# ears infected!!



## ashley_danielle20 (Jun 18, 2009)

so we got k.o.'s ears done last tuesday and 2day they started 2 smell so we jus unwrapped them and they r infected!! im takin him 2 the vet 2morrow a.m. is there anything we can do 4 the rest of the day?? the smell and look sooooo horrible!!


----------



## performanceknls (Apr 4, 2009)

This happens when they crop then wrap the ears sometimes. Just air them out and you can clean them with water and a q-tip. JUST use water anything else may burn since they are already infected. If they are too painful, just let them air out till you can go to the vet. Your pup will need ear meds and maybe an antibiotic.


----------



## FloorCandy (Feb 19, 2009)

I am not an expert, but I would guess it would be ok to put neosporin on them. You could probably clean them with some warm water with antibacterial soap mixed in, and dip a cloth in and wipe it on gently, try to get as much of the puss and gunk off as possible, and then put on some neosporin. I'm sure there is someone here who can offer better advice, but thats how I generally treat something looking infected, or in danger of becomming infected.


----------



## performanceknls (Apr 4, 2009)

Ears are different Neosporin will not do any good against yeast. Plain water if fine, then go to the vet and get the correct stuff to treat the ears. You will get otomax or something similar.


----------



## razors_edge (Jun 2, 2009)

the antibacterial soap would burn just use plain water like ^^^he said.....that must suck, they didnt wrap my dogs ears but her stitches did fall out the first day and it looked horrible when theyre all open and bloody....i felt like a butcher


----------



## Indigo Bully Connection (Dec 21, 2006)

Don't stress about the ear infection. You shouldn't have removed the wrapping IMO. The goal with wrapped ears is not to get them wet which will cause an ear infection. Also, if the dog is sensitive to cotton will cause the infection. They should have sent you home with oral antibiotics. I would continue training the ears then worry about infection... unless your vet says otherwise. You just spent a boat load of money to get this procedure done why postpone the results?


----------



## performanceknls (Apr 4, 2009)

I have to respectfully disagree, and ear infection if not cleared up right away will fester if you tape the ears back up. I have had over 15 dogs with cropped over the years and I have seen it all. Once the ears are infected, take care of that first then start the taping again. 5 days to air the ears out and control the infection will not prevent the ears from standing.
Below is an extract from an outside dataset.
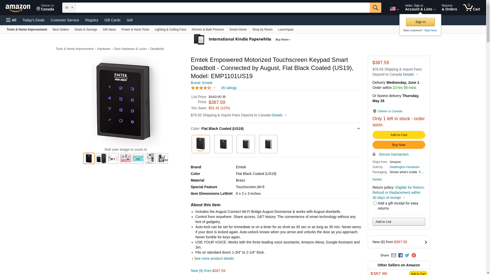 <b>Emtek is known for its long-lasting quality of solid brass hardware products in the USA for many decades. <br><br> Emtek is here to match all your hardware styles from traditional to contemporary, transitional, or rustic. <br><br>FEATURES: <br><br> BACKLIT KEYPAD: </b> Keypad wakes with a touch and includes numbers that won’t wear off. <br><b>OPTIONAL SETTINGS: </b>Customized auto re-lock, privacy mode and tamper alarms with the lock settings. <br><b>MOTORIZED DEADBOLT: </b>Quiet motor with tapered deadbolt to accommodate misaligned doors. <br><b>SIMPLE INSTALLATION: </b> Replaces existing deadbolt with just a screwdriver. Fits on standard doors 1-3/4” to 2-1/4” thick with a standard 2-1/8” face bore door prep. <br><b> WEATHER PROTECTED: </b> Rubber gasket increases protection against outdoor environments. <br><br><b> COLOR: Flat Black Coated (US19). <br><br><b>SMART:</b><br>• Create and manage unlimited entry codes with the smart lock. <br>• Easy to use, award-winning August mobile app. <br>• AUTO-UNLOCK FUNCTION - HOME MODE & AWAY MODE: Auto-Unlock when approaching door to leave and when arriving back home (about 200 meters). <br>• Works with all 3 voice assistants and compatible with leading smart home security systems and hosting platforms. <br>• Connect by August SMART bundle includes: Pre-Installed Connected by August module, August Connect Wi-Fi Bridge, and DoorSense. <br>• Download the BILT app for easy step-by-step 3D instructions. <br>• 9V battery port to prevent lockouts. <br>• MONITORING GUEST ACCESS TOTAL CONTROL STATUS UPDATES. <br><br><b>PACKAGE INCLUDES:</b> Battery Cover Interior Escutcheon Mounting Plate Strike Plate Security Plate Deadbolt Latch 2-3/4” Deadbolt Latch 2-3/8” August Connect August Door Sense AA x4 Batteries x3 #8-32 x 5/16” Machine Screws x4 #8 x 3/4” Wood Screws x2 #10-32 x 1-3/8” Machine Screws /x2 #10 x 3” Wood Screws.

I have learned the hard way to make sure I take care of the infection first, last time I tried to wait the poor dogs ears were REALLY bad. now I reread your post and I am wondering if you mean the dog has an ear infection like in the canal with yeast or you mean the cropped outer edge is infected? Those are two different things.
Treatment is still the same, clean with water then go to the vet tomorrow.
If it is the outer edge where the ears were cropped the neosporin is a great idea, sorry I got hung up on an actual ear infection which happens from time to time on a crop from them being tapped.


----------



## Indigo Bully Connection (Dec 21, 2006)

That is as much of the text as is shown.